75-letni amerykański programista i przedsiębiorca John McAfee zmarł w środę w więzieniu w Barcelonie w rezultacie samobójstwa - wynika z autopsji przeprowadzonej przez hiszpańskie władze sądownicze, na które powołuje się w poniedziałek madrycki dziennik “El Pais”.
Według stołecznej gazety, przywołującej anonimowe źródło w hiszpańskim wymiarze sprawiedliwości, zlecona przez sędziego autopsja wykazała, że McAfee zmarł wskutek powieszenia.
“El Pais” wskazał, że już krótko po śmierci McAfee'ego jego żona Janice ogłosiła, że rodzina zamówi drugą autopsję, którą mają wykonać niezależni patologowie.

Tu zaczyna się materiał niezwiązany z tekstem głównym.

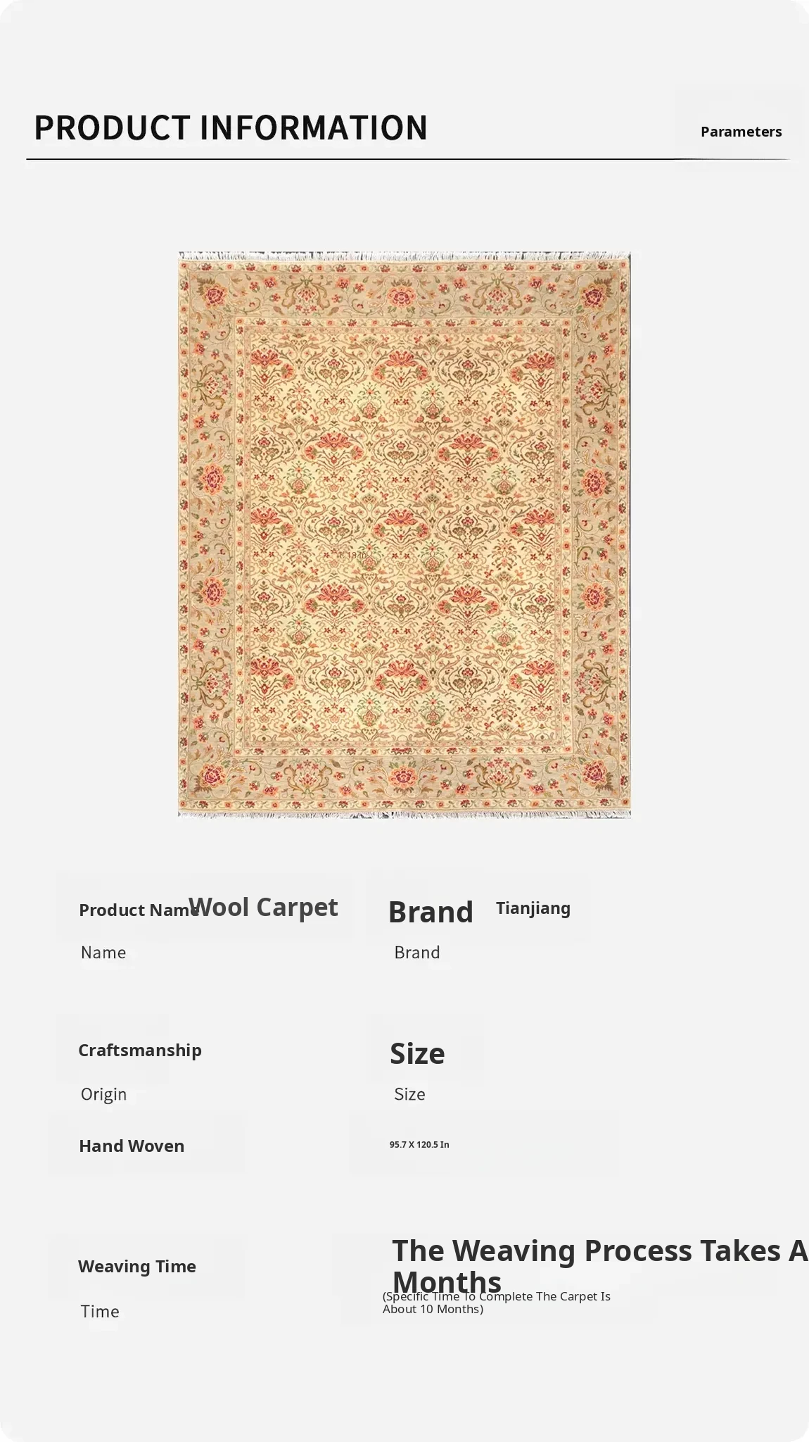 Tianjiang Imported Handmade Wool Area Rug - Minimalist Design for Bedroom and Study, Perfect for Villas and Home Use, Size: 243x306cm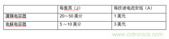 薄膜或電解電容器的相對成本可以從大容量存儲或處理波紋能力角度進行分析。如表2匯總的結(jié)果所示,2013年公布的數(shù)據(jù)1比較了由整流440VAC電源供電的直流總線典型成本: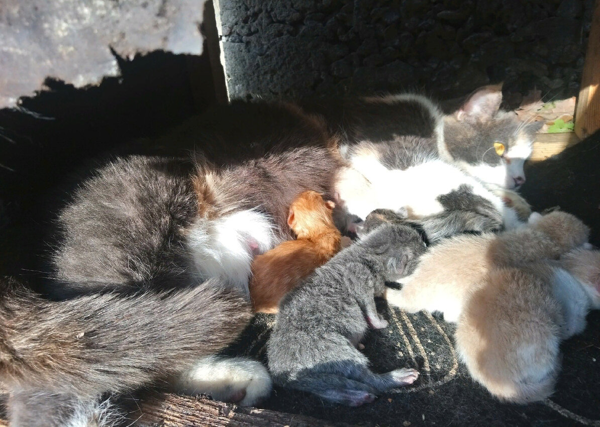 Лишь у одной доброй девушки дрогнуло сердце при виде этой картины. Она сразу поняла, что оставлять кошачье семейство возле помойки ни в коем случае нельзя. Девушка отнесла кошечку в тихое место и соорудила ей временное убежище. Она сфотографировала маму с малышами и разместила крик о помощи в группах зоопомощи нашего города.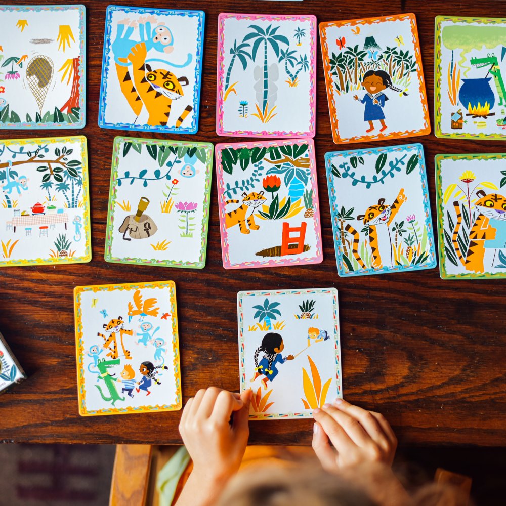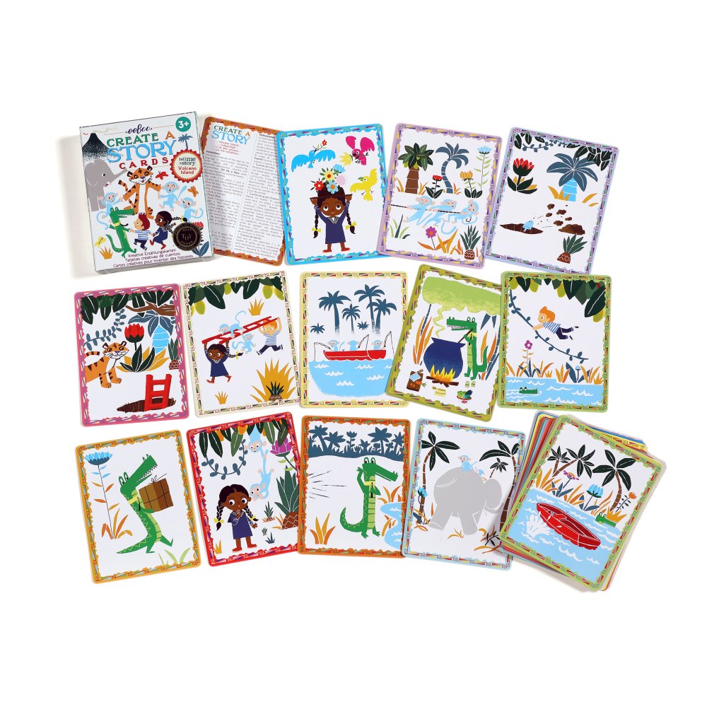 S těmito kartami mohou děti sestavovat a vymýšlet vlastní příběhy a rozvíjet tak svoji fantazii. Vypravěč si může vybrat kolik karet jen bude chtít. Stačí dvě, ale může jich býti více. Například 3 karty - jedna pro úvod, druhá pro příběh a třetí pro ukončení. Můžete vymýšlet nejrůznější kombinace postav, rekvizit a míst dle vlastní fantazie a momentální inspirace z obrázkových karet. S touto sadou si mohou děti vytvořit vlastní pohádku s kouzelnými postavami.

Odnotował, że wdowa po amerykańskim programiście odwiedziła w piątek więzienie Brians 2, w którym osadzony był McAfee. Następnie podczas spotkania z mediami ogłosiła, że jej małżonek nie miał skłonności samobójczych, a winą za jego śmierć obciążyła USA.
Amerykański programista został znaleziony martwy w swojej celi w więzieniu w Barcelonie tego samego dnia, kiedy hiszpański sąd zgodził się na jego ekstradycję do USA. Amerykańska prokuratura federalna zarzucała McAfee'emu unikanie płacenia podatków, odmawianie składania deklaracji podatkowych oraz ukrywanie majątku. W sumie groziło mu do 30 lat więzienia.
McAfee znajdował się w areszcie od października 2020 r., kiedy został zatrzymany na lotnisku w Barcelonie.